A 2013 review on boat.com noted that the design is, "the perfect first boat for the beginning sailor and popular with junior sailing programs for its simplicity and safety. Equipped with the racing package, the Sabot offers all the sail controls of a larger boat, so learning sailors can develop the full range of sail trimming skills."

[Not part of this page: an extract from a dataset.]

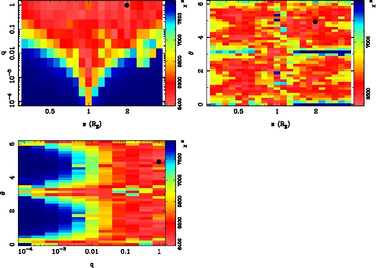 | tE(day) | q | s | α(radian) | ρ | χ² |

Lynn Boats described the Catalina-made US Sabot as, "the perfect first boat for the beginning sailor. Simplicity and safety make the U.S. Sabot popular with junior programs ... The U.S. Sabot is built to withstand the tough use of a learning sailor."

==See also==
- List of sailing boat types

Related development
- El Toro (dinghy)
- Holdfast Trainer
- Naples Sabot
- Sabot (dinghy)

Similar sailboats
- Optimist (dinghy)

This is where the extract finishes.